• **EXERCISE**: Please restate, word for word, the lines below that begin at the one with "- Tự động đồng" and end at the one with "Large 14 X 14". Leave out all other lines.

• **LISTED ENTRIES**:
____________________
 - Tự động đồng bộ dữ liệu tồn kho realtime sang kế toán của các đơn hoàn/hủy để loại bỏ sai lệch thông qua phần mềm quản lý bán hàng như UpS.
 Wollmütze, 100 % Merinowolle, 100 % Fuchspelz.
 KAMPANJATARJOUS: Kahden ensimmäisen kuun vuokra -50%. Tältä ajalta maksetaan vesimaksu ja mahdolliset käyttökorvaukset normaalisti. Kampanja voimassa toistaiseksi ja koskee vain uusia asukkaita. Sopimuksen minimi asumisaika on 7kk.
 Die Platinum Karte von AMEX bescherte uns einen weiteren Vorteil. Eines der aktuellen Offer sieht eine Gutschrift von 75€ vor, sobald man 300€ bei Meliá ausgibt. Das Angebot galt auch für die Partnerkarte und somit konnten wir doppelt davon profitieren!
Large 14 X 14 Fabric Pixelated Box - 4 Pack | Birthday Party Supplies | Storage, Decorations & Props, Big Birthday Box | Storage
____________________
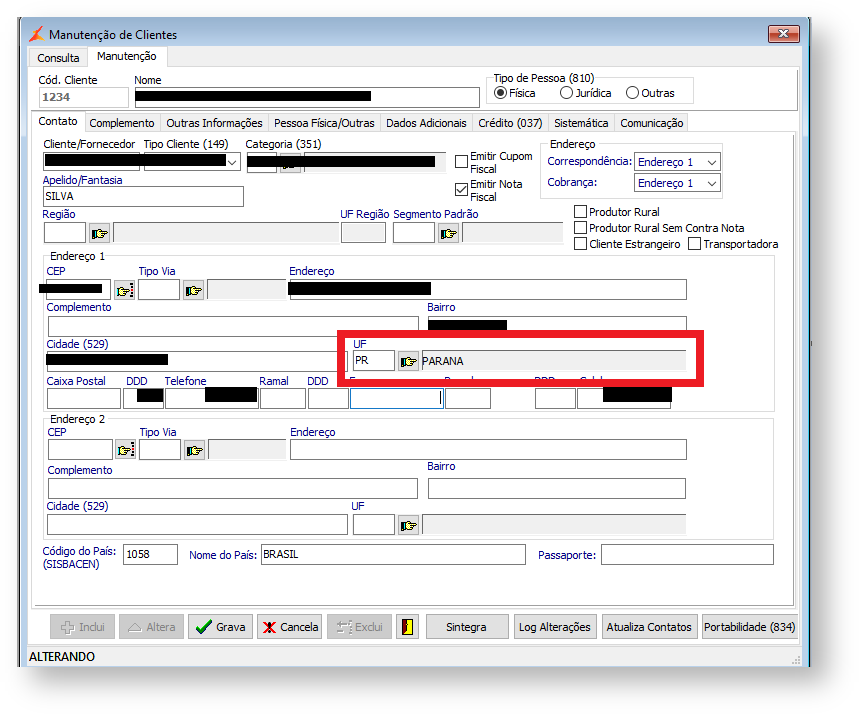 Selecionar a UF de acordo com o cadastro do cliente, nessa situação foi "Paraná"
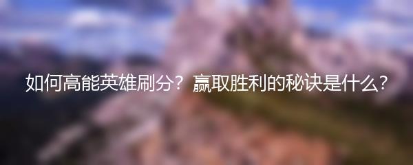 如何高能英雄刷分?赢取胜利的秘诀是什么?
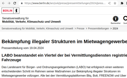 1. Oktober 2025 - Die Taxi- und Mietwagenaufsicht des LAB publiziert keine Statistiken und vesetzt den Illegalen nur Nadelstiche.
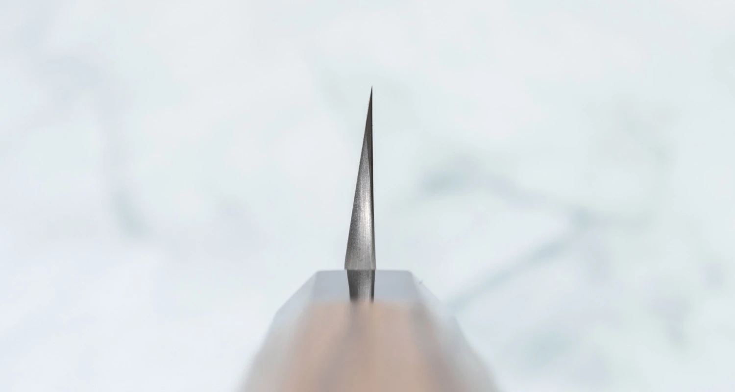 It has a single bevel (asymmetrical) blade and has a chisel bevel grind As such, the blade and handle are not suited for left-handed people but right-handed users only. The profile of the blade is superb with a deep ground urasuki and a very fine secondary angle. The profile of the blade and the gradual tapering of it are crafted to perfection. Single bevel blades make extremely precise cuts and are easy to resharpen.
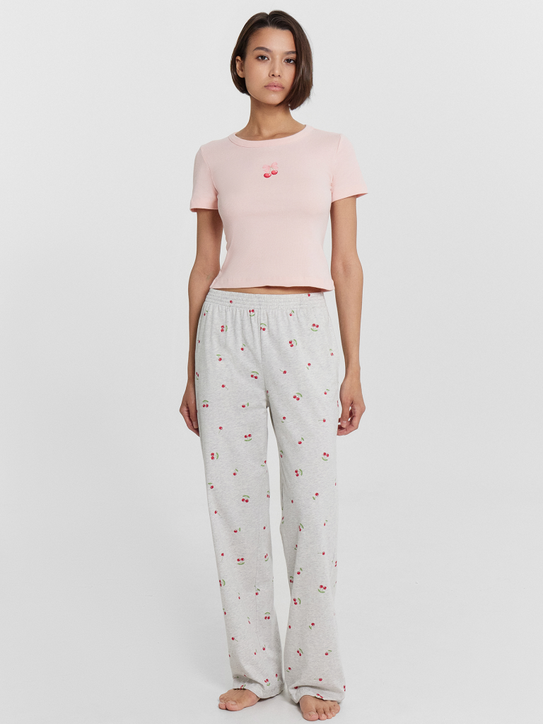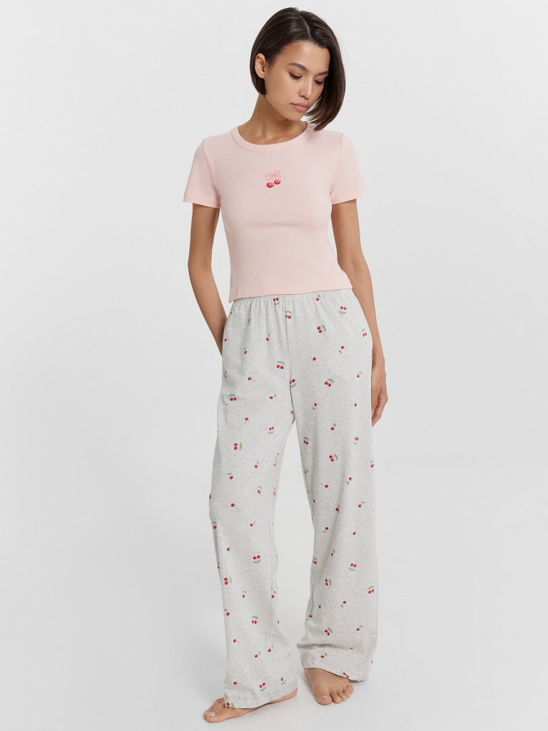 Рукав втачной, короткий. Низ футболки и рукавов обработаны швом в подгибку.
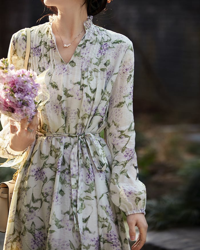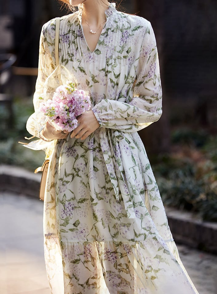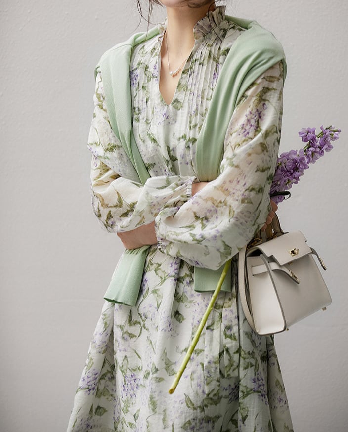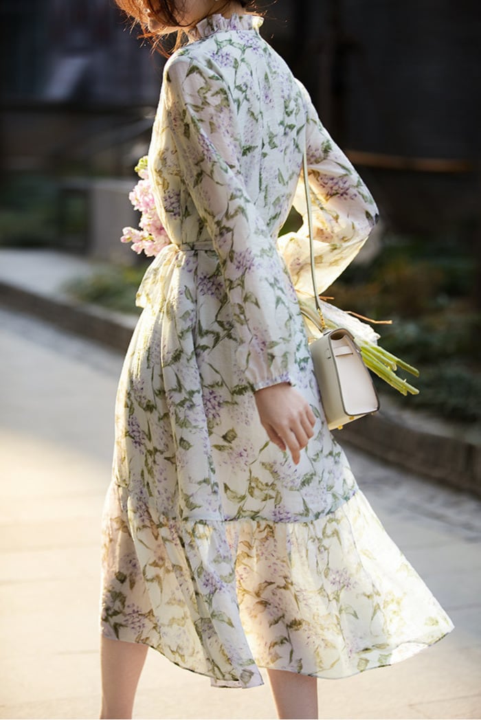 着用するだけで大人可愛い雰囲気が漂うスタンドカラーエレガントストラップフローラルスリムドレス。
____________________
• **WRITTEN RESPONSE**:
 - Tự động đồng bộ dữ liệu tồn kho realtime sang kế toán của các đơn hoàn/hủy để loại bỏ sai lệch thông qua phần mềm quản lý bán hàng như UpS.
 Wollmütze, 100 % Merinowolle, 100 % Fuchspelz.
 KAMPANJATARJOUS: Kahden ensimmäisen kuun vuokra -50%. Tältä ajalta maksetaan vesimaksu ja mahdolliset käyttökorvaukset normaalisti. Kampanja voimassa toistaiseksi ja koskee vain uusia asukkaita. Sopimuksen minimi asumisaika on 7kk.
 Die Platinum Karte von AMEX bescherte uns einen weiteren Vorteil. Eines der aktuellen Offer sieht eine Gutschrift von 75€ vor, sobald man 300€ bei Meliá ausgibt. Das Angebot galt auch für die Partnerkarte und somit konnten wir doppelt davon profitieren!
Large 14 X 14 Fabric Pixelated Box - 4 Pack | Birthday Party Supplies | Storage, Decorations & Props, Big Birthday Box | Storage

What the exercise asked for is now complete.